● **Entries shown**:
Content starts

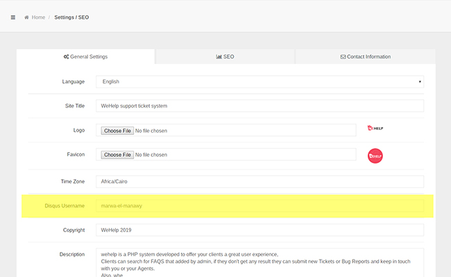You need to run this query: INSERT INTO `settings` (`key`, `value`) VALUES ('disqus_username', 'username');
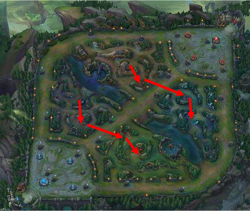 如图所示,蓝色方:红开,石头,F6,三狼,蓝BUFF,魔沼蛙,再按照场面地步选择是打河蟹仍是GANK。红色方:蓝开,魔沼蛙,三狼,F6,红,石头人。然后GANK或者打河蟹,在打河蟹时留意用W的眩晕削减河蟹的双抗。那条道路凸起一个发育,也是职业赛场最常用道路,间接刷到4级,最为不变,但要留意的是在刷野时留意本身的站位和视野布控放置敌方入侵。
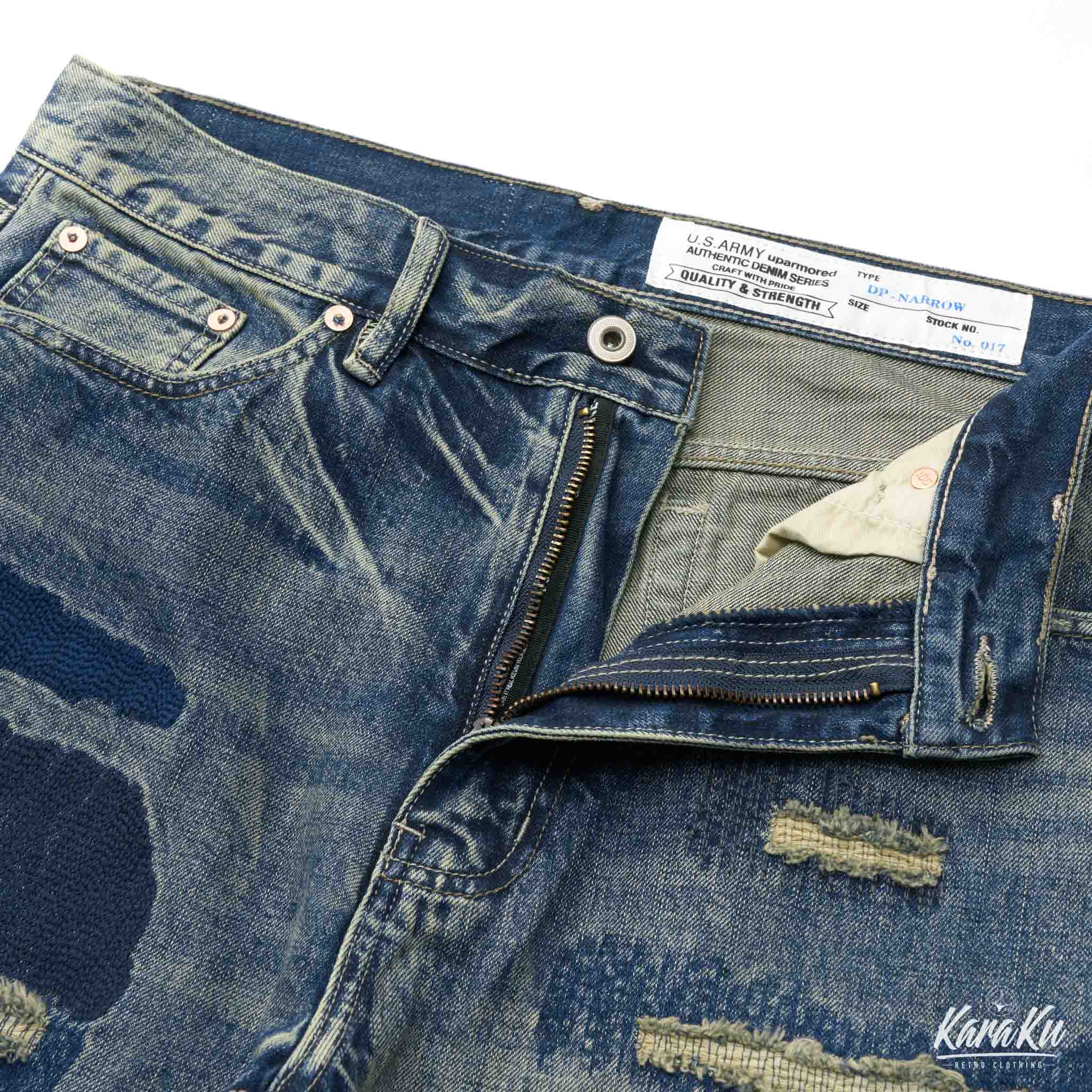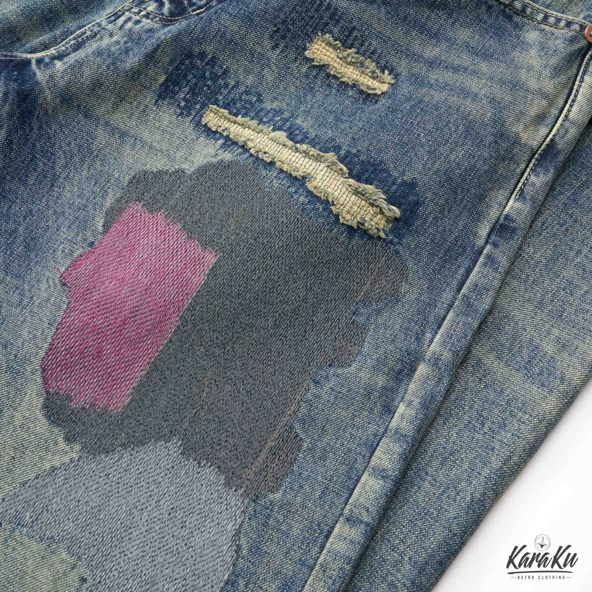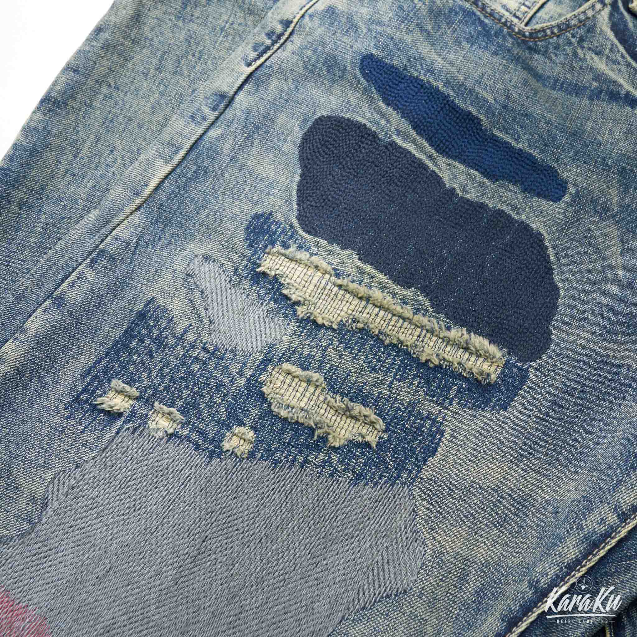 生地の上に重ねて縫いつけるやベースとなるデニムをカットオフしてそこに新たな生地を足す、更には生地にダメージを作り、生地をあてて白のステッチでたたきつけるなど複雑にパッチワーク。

Content ends
Content starts

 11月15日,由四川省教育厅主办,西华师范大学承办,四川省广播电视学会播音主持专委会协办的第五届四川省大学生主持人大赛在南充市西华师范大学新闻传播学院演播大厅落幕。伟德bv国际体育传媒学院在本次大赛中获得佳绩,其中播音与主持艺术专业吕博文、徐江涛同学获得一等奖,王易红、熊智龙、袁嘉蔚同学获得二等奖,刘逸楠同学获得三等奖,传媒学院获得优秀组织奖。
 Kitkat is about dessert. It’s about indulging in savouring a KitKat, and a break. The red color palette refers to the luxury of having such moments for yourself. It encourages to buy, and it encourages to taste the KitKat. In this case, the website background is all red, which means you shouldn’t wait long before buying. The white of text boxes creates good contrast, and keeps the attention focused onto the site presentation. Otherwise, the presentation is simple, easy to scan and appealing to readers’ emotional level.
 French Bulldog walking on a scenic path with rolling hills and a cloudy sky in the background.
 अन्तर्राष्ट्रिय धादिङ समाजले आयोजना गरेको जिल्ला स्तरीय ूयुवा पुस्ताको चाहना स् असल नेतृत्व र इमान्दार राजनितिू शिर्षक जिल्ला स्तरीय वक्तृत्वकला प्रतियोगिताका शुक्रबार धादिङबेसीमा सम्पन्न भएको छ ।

Content ends

● **Work to complete**: Though the entries above contain pictures, none should be copied; reproduce only the lines between the one holding "You need to" and the one holding "生地の上に重ねて縫いつけるや", inclusive, exactly as written.

● **Answer**:
You need to run this query: INSERT INTO `settings` (`key`, `value`) VALUES ('disqus_username', 'username');
 如图所示,蓝色方:红开,石头,F6,三狼,蓝BUFF,魔沼蛙,再按照场面地步选择是打河蟹仍是GANK。红色方:蓝开,魔沼蛙,三狼,F6,红,石头人。然后GANK或者打河蟹,在打河蟹时留意用W的眩晕削减河蟹的双抗。那条道路凸起一个发育,也是职业赛场最常用道路,间接刷到4级,最为不变,但要留意的是在刷野时留意本身的站位和视野布控放置敌方入侵。
 生地の上に重ねて縫いつけるやベースとなるデニムをカットオフしてそこに新たな生地を足す、更には生地にダメージを作り、生地をあてて白のステッチでたたきつけるなど複雑にパッチワーク。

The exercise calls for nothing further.